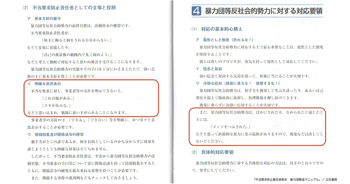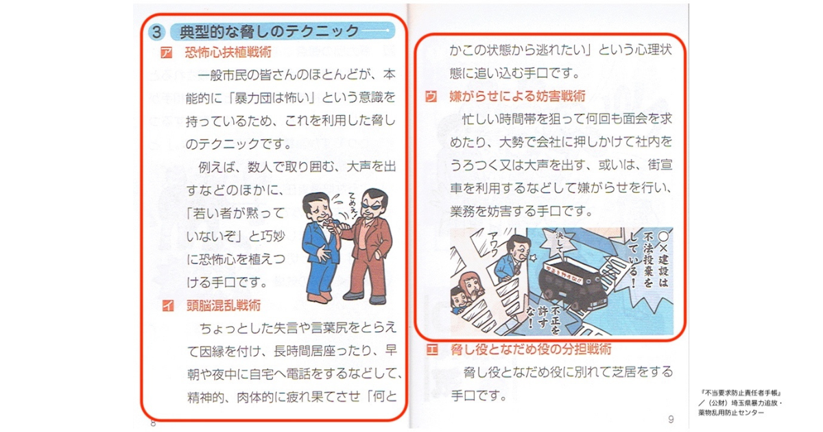 警察等の行政機関が提示する暴力団及び悪徳業者が行う不当要求や商法•話術と同様の行為を、またその活動に加担・助長する行為を、その自覚の有無を問わず、繰り返し行なっている者
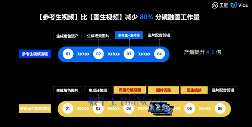 这套模式构建了生成角色资产、生成场景图片、参考生加主体库、选片配音剪辑的四步闭环。与传统图生视频相比,分镜融图工作量减少约80%,产能较传统模式提升4到5倍。白皮书明确指出,参考生模式与图生模式并非相互替代,而是通过场景化分工形成能力互补,两者组合使用可实现效率与品质的双重优化。
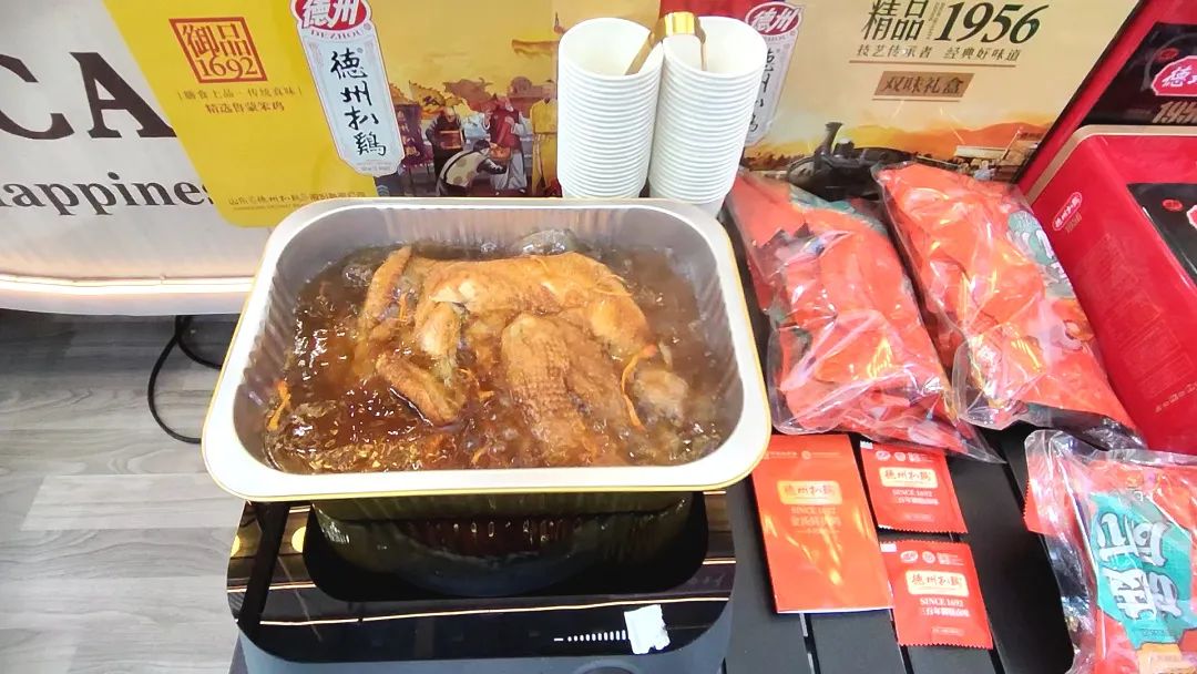 展位旁,冷冻金汤鲜扒鸡香气蒸腾、芳香四溢,吸引着众多游客驻足品尝。为临沂更为全国朋友们再次展示了百年名吃的独特魅力!更有很多顾客在品尝后纷纷咨询购买,让远在他乡的亲人朋友们也能尝到刚刚出锅的扒鸡的新鲜味道。
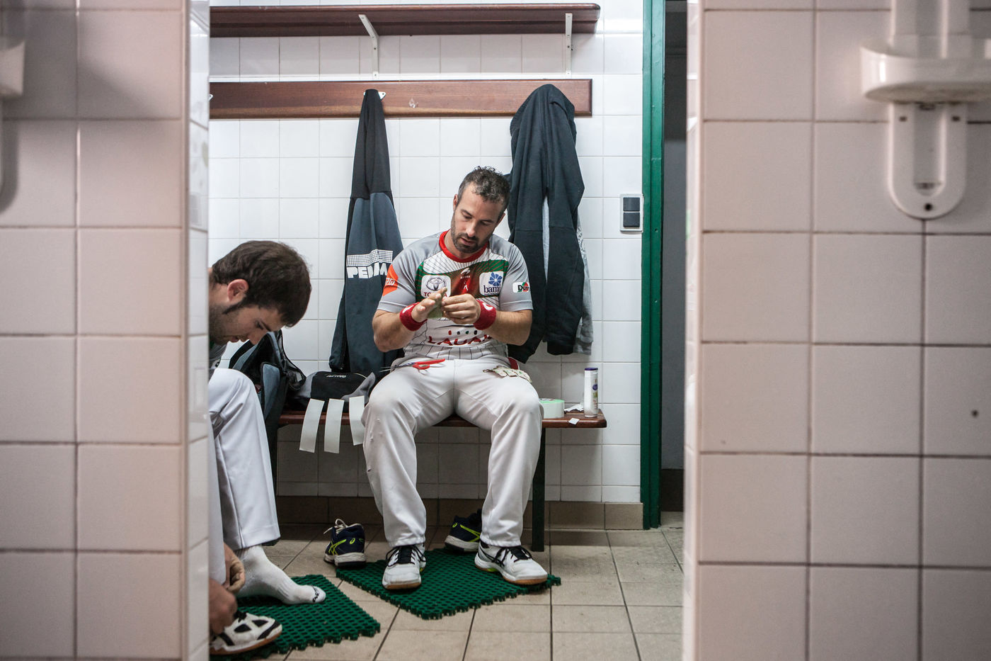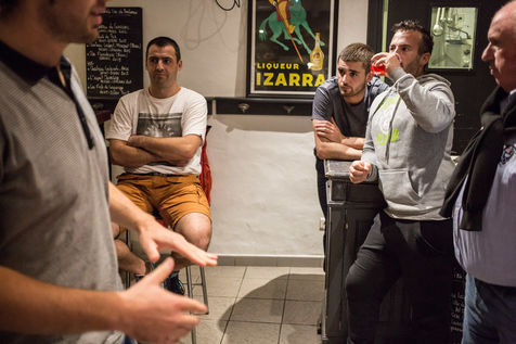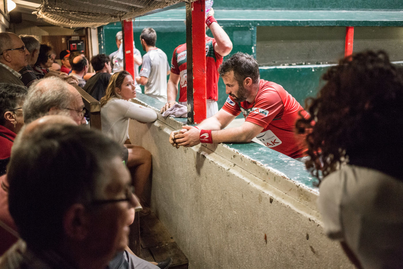Il est bon, il gagne les compétitions, on le connaît bien dans le coin, il est vraiment sympa Jean-Philippe. Ses mains qu'il protège soigneusement dans les vestiaires, on préfère les voir jouer à la pelote que se les prendre en pleine poire. Le match commence, c'est le moment où les hommes du coin se retrouvent. On ne rigole pas, on pourrait penser que des paris sont en cours, mais ça, dans les trinquets, ça ne se fait surtout pas.
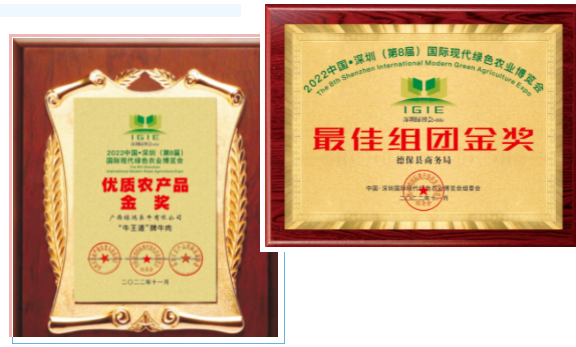 德??h商務(wù)局榮獲最佳組團(tuán)金獎(jiǎng)、德??h湘里食品有限公司總經(jīng)理胡朝霞、廣西綠鴻養(yǎng)牛有限公司董事長朱慧琳獲得中國現(xiàn)代農(nóng)業(yè)領(lǐng)軍人物獎(jiǎng)、廣西綠鴻養(yǎng)牛有限公司、“牛王道”牌牛肉獲得2022年中國·深圳(第8屆)國際現(xiàn)代綠色農(nóng)業(yè)博覽會(huì)優(yōu)質(zhì)農(nóng)產(chǎn)品金獎(jiǎng)。
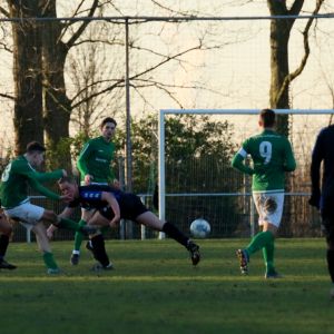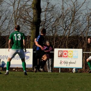 Na het eerste fluitsignaal van scheidsrechter Ben van Belzen uit Kapelle duurde het een tiental minuten voordat onze groen-witten op stoom kwamen. Na een gelijkopgaande strijd die zich voornamelijk op het middenveld afspeelde, trok de ploeg van Fabian Wilson het initiatief naar zich toe. De eerste doelpoging liet daarna dan ook niet lang op zich wachten. Binnen het kwartier nam Wout Hamelink het vijandelijke doel onder vuur, maar zijn vizier stond nog niet op scherp, waardoor hij zijn inzet hoog over het doel van Yoeri Nijsse zag verdwijnen. Er stond een zeer gemotiveerde en ploeg binnen de lijnen met maar één doel voor ogen, de competitie hervatten met een overwinning. De eerste aanzet daartoe werd gegeven in de 17e minuut na misschien wel de mooiste aanval van heel de wedstrijd. Via veel schijven kwam de bal van achteruit terecht bij Brian van Hoorn, die rechtsback Lars de Jonge diep stuurde. Diens voorzet werd door Michael Christina voor het doel op juiste waarde geschat, 1-0. Heel de Nieuwland verdediging, inclusief de doelman, stonden erbij en keken er naar.
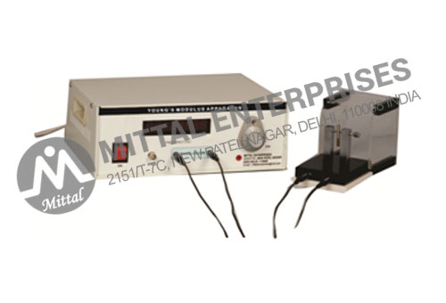 Young's Modulus Apparatus Non-Destructive Testing of Material is an important part of Engineering Education as it gives information without deformation in the shape and size of the material. One of the NDT techniques, Piezoelectric Technique is widely used for the measurement of composition dependent properties such as ultrasonic velocity, compressibility, elastic constant, Young’s modulus and Bulk modulus. Its suitability for metals, plastics, polymers and crystals etc makes it versatile tool for Engineering Physics, Material Science and Polymer Science. This low cost NDT apparatus is being used in several I.I.T.s/Universities/Engineering Colleges for laboratory experiments and Research work.
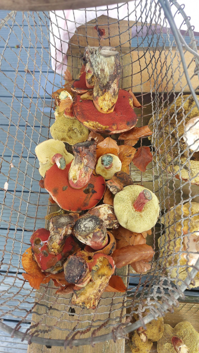 Schade, dass du so viele Fruchtkörper entnommen hast, bei denen du die nicht sicher bist, was es ist. Jetzt stehen die dem Ökosystem nicht mehr zur Verfügung. Vielleicht wäre es günstig, dann zunächst ein bis zwei Exemplare mitzunehmen, diese sicher zu bestimmen, und die ggf. erst dann zu sammeln, wenn du sie sicher kennst. Oder du gehst zum Pilzsachverständigen, der sie sicher bestimmt. Alte Schlappen kannst du direkt im Wald lassen. Ich habe diesen Fehler zu Beginn auch mal gemacht, also nimm es bitte als Anregung und nicht als doofe Schimpfe
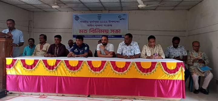 ইউনিয়ন চেয়ারম্যান আলাউদ্দিন, মাহবুব রহমান সোহাগ, পারুল আহমেদ, মীর খোরশেদ, মাসুদ খান, সৈয়দ সোহেল, পারভেজ চৌধুরী,পল্লী বিদ্যুৎ কর্মকর্তা সহকারী জেনারেল ম্যানেজার সৈয়দ আজহারুল ইসলাম, উপজেলা আনসার ভিডিপি কর্মকর্তা মোঃ কামরুল হাসান, উপজেলা পূজা উদযাপন কমিটির সভাপতি সুনীল দাস, সাধারণ সম্পাদক লিটন রায়, পৌর পূজা উদযাপন কমিটির সভাপতি প্রমোদ মালাকার, সাধারণ সম্পাদক দুলাল মোদক ছাড়াও ১টি পৌরসভা ও ১১টি ইউনিয়নের পূজা মন্ডপের পক্ষে প্রতিনিধিরা। বক্তারা, সনাতন ধর্মাবলম্বীদের সবচেয়ে বড় ধর্মীয় উৎসব সার্বজনীন শ্মারদীয় দূর্গাপূজা ।
★ ★ ★ ★ ★ ★ ★
§ **TASK OBJECTIVE**: Write the listing again exactly, duplicating every line and skipping the pictures.

§ **SOLUTION TO THE PROBLEM**:
 警察等の行政機関が提示する暴力団及び悪徳業者が行う不当要求や商法•話術と同様の行為を、またその活動に加担・助長する行為を、その自覚の有無を問わず、繰り返し行なっている者
 这套模式构建了生成角色资产、生成场景图片、参考生加主体库、选片配音剪辑的四步闭环。与传统图生视频相比,分镜融图工作量减少约80%,产能较传统模式提升4到5倍。白皮书明确指出,参考生模式与图生模式并非相互替代,而是通过场景化分工形成能力互补,两者组合使用可实现效率与品质的双重优化。
 展位旁,冷冻金汤鲜扒鸡香气蒸腾、芳香四溢,吸引着众多游客驻足品尝。为临沂更为全国朋友们再次展示了百年名吃的独特魅力!更有很多顾客在品尝后纷纷咨询购买,让远在他乡的亲人朋友们也能尝到刚刚出锅的扒鸡的新鲜味道。
Il est bon, il gagne les compétitions, on le connaît bien dans le coin, il est vraiment sympa Jean-Philippe. Ses mains qu'il protège soigneusement dans les vestiaires, on préfère les voir jouer à la pelote que se les prendre en pleine poire. Le match commence, c'est le moment où les hommes du coin se retrouvent. On ne rigole pas, on pourrait penser que des paris sont en cours, mais ça, dans les trinquets, ça ne se fait surtout pas.
 德??h商務(wù)局榮獲最佳組團(tuán)金獎(jiǎng)、德??h湘里食品有限公司總經(jīng)理胡朝霞、廣西綠鴻養(yǎng)牛有限公司董事長朱慧琳獲得中國現(xiàn)代農(nóng)業(yè)領(lǐng)軍人物獎(jiǎng)、廣西綠鴻養(yǎng)牛有限公司、“牛王道”牌牛肉獲得2022年中國·深圳(第8屆)國際現(xiàn)代綠色農(nóng)業(yè)博覽會(huì)優(yōu)質(zhì)農(nóng)產(chǎn)品金獎(jiǎng)。
 Na het eerste fluitsignaal van scheidsrechter Ben van Belzen uit Kapelle duurde het een tiental minuten voordat onze groen-witten op stoom kwamen. Na een gelijkopgaande strijd die zich voornamelijk op het middenveld afspeelde, trok de ploeg van Fabian Wilson het initiatief naar zich toe. De eerste doelpoging liet daarna dan ook niet lang op zich wachten. Binnen het kwartier nam Wout Hamelink het vijandelijke doel onder vuur, maar zijn vizier stond nog niet op scherp, waardoor hij zijn inzet hoog over het doel van Yoeri Nijsse zag verdwijnen. Er stond een zeer gemotiveerde en ploeg binnen de lijnen met maar één doel voor ogen, de competitie hervatten met een overwinning. De eerste aanzet daartoe werd gegeven in de 17e minuut na misschien wel de mooiste aanval van heel de wedstrijd. Via veel schijven kwam de bal van achteruit terecht bij Brian van Hoorn, die rechtsback Lars de Jonge diep stuurde. Diens voorzet werd door Michael Christina voor het doel op juiste waarde geschat, 1-0. Heel de Nieuwland verdediging, inclusief de doelman, stonden erbij en keken er naar.
 Young's Modulus Apparatus Non-Destructive Testing of Material is an important part of Engineering Education as it gives information without deformation in the shape and size of the material. One of the NDT techniques, Piezoelectric Technique is widely used for the measurement of composition dependent properties such as ultrasonic velocity, compressibility, elastic constant, Young’s modulus and Bulk modulus. Its suitability for metals, plastics, polymers and crystals etc makes it versatile tool for Engineering Physics, Material Science and Polymer Science. This low cost NDT apparatus is being used in several I.I.T.s/Universities/Engineering Colleges for laboratory experiments and Research work.
 Schade, dass du so viele Fruchtkörper entnommen hast, bei denen du die nicht sicher bist, was es ist. Jetzt stehen die dem Ökosystem nicht mehr zur Verfügung. Vielleicht wäre es günstig, dann zunächst ein bis zwei Exemplare mitzunehmen, diese sicher zu bestimmen, und die ggf. erst dann zu sammeln, wenn du sie sicher kennst. Oder du gehst zum Pilzsachverständigen, der sie sicher bestimmt. Alte Schlappen kannst du direkt im Wald lassen. Ich habe diesen Fehler zu Beginn auch mal gemacht, also nimm es bitte als Anregung und nicht als doofe Schimpfe
 ইউনিয়ন চেয়ারম্যান আলাউদ্দিন, মাহবুব রহমান সোহাগ, পারুল আহমেদ, মীর খোরশেদ, মাসুদ খান, সৈয়দ সোহেল, পারভেজ চৌধুরী,পল্লী বিদ্যুৎ কর্মকর্তা সহকারী জেনারেল ম্যানেজার সৈয়দ আজহারুল ইসলাম, উপজেলা আনসার ভিডিপি কর্মকর্তা মোঃ কামরুল হাসান, উপজেলা পূজা উদযাপন কমিটির সভাপতি সুনীল দাস, সাধারণ সম্পাদক লিটন রায়, পৌর পূজা উদযাপন কমিটির সভাপতি প্রমোদ মালাকার, সাধারণ সম্পাদক দুলাল মোদক ছাড়াও ১টি পৌরসভা ও ১১টি ইউনিয়নের পূজা মন্ডপের পক্ষে প্রতিনিধিরা। বক্তারা, সনাতন ধর্মাবলম্বীদের সবচেয়ে বড় ধর্মীয় উৎসব সার্বজনীন শ্মারদীয় দূর্গাপূজা ।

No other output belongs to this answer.